▶ **ABOUT THIS TASK**
An exact copy of the listing below is needed, with no pictures in it.

▶ **INPUT DATA**
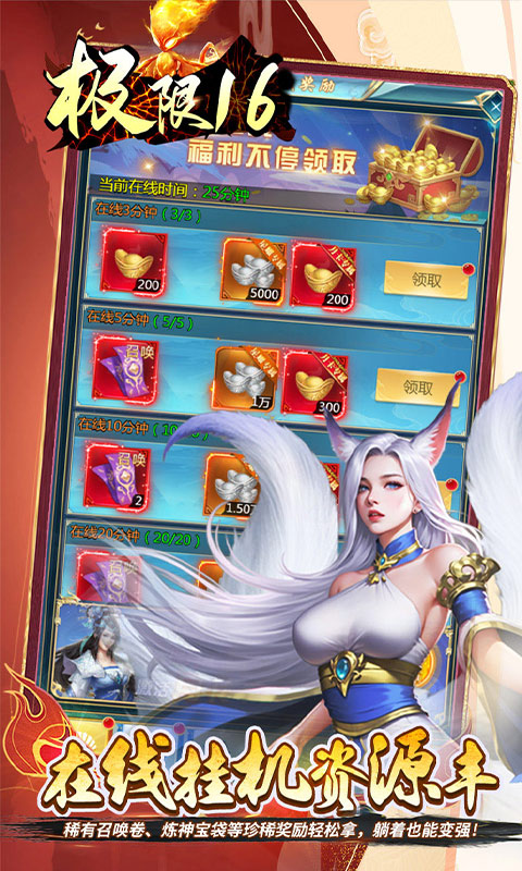 上线福利: 登录即享至尊礼:秒升SVIP10,领万元充值卡,绝版时装与侍神,开局尽享顶级特权! 每日签到福利多:海量材料轻松得,累计指定天数更送圣兽妖魄,助你战力飞升! 七日狂欢大奖送:次日领SR法器,第七天必得SSR圣物,极品装备助力横扫九界! 在线挂机资源丰:稀有召唤卷、炼神宝袋等珍稀奖励轻松拿,躺着也能变强! 首日必得萌猛将:SR食铁兽侍神直送,国宝级伙伴,又萌又猛战力无双!
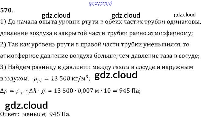 Ответ на задание 570 Сборник задач Физика за 7, 8, 9 (седьмой, восьмой, девятый) класс Лукашик, Иванова 2011
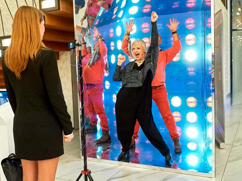 Это зрелищный и веселый интерактив, который позволяет вам сделать необычные и красочные фото с эффектом отражения! Фотозона калейдоскоп - это идеальный способ повеселиться и получить уникальные фото или видео!

▶ **EXERCISE RESPONSE**
 上线福利: 登录即享至尊礼:秒升SVIP10,领万元充值卡,绝版时装与侍神,开局尽享顶级特权! 每日签到福利多:海量材料轻松得,累计指定天数更送圣兽妖魄,助你战力飞升! 七日狂欢大奖送:次日领SR法器,第七天必得SSR圣物,极品装备助力横扫九界! 在线挂机资源丰:稀有召唤卷、炼神宝袋等珍稀奖励轻松拿,躺着也能变强! 首日必得萌猛将:SR食铁兽侍神直送,国宝级伙伴,又萌又猛战力无双!
 Ответ на задание 570 Сборник задач Физика за 7, 8, 9 (седьмой, восьмой, девятый) класс Лукашик, Иванова 2011
 Это зрелищный и веселый интерактив, который позволяет вам сделать необычные и красочные фото с эффектом отражения! Фотозона калейдоскоп - это идеальный способ повеселиться и получить уникальные фото или видео!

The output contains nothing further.